Ia mengatakan, hasil pemantauan menunjukkan anomali suhu muka laut (Sea Surface Temperature atau SST) di wilayah Indonesia, termasuk Gorontalo, pada periode Mei hingga Juli berada di kisaran 1,47. Kondisi tersebut menjadi salah satu indikator adanya potensi El Nino yang mulai berkembang.
Menurut Arimi, BMKG sebelumnya telah memprediksi fenomena El Nino pada tahun 2026 berpotensi mencapai kategori kuat. Dampaknya diperkirakan tidak hanya memengaruhi kondisi cuaca, tetapi juga berbagai sektor, terutama pertanian.
Berkurangnya intensitas hujan selama musim kemarau berpotensi mengurangi ketersediaan air di sejumlah wilayah.
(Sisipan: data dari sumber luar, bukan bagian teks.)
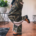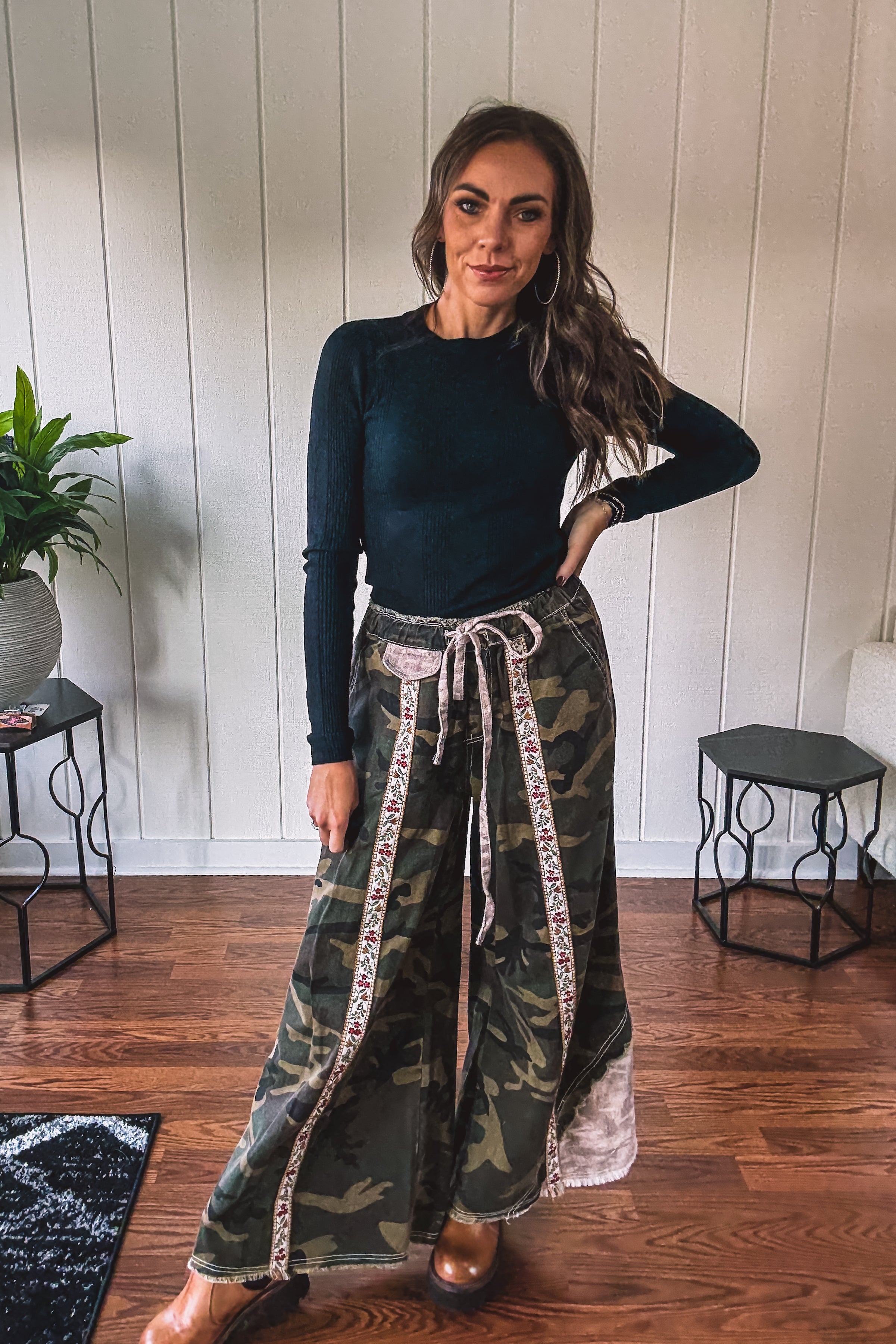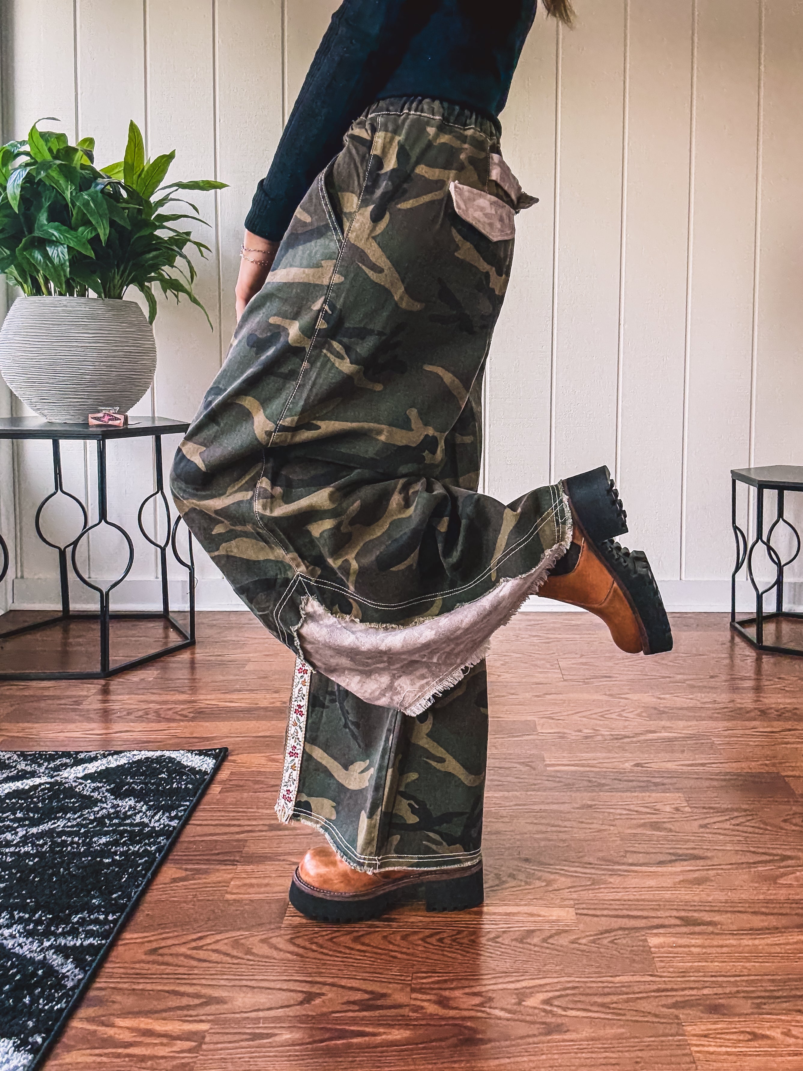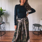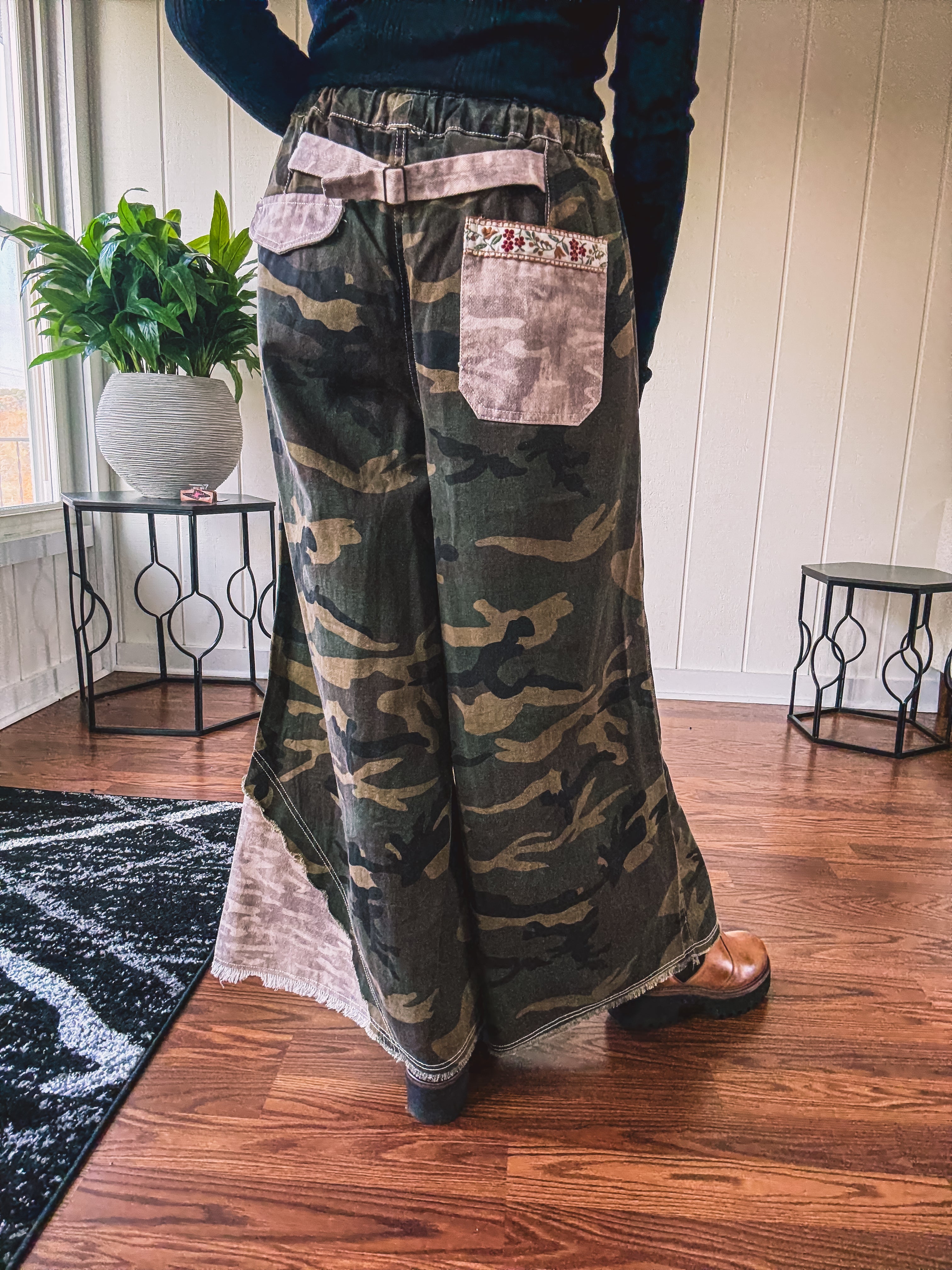 Step into statement-making style with these POL wide-leg pants that blend edgy and elegant in one go. The dark olive camo base gets a whimsical upgrade with a floral tapestry stripe running through, while the drawstring waist keeps things comfy and adjustable. A raw hem adds that effortless cool factor, and the back pockets? They're anything but ordinary with their contrasting design and adjustable strap detail. Perfect for anyone who refuses to blend in.

Kondisi tersebut dapat memengaruhi aktivitas pertanian apabila berlangsung dalam waktu yang cukup lama.
Karena itu, masyarakat, khususnya para petani, diimbau meningkatkan kewaspadaan terhadap potensi dampak musim kemarau yang dipengaruhi El Nino serta memanfaatkan ketersediaan air secara bijak untuk mengurangi risiko kekeringan.
Kata Kunci / Tags
Rekomendasi Berita
Memuat berita terbaru.....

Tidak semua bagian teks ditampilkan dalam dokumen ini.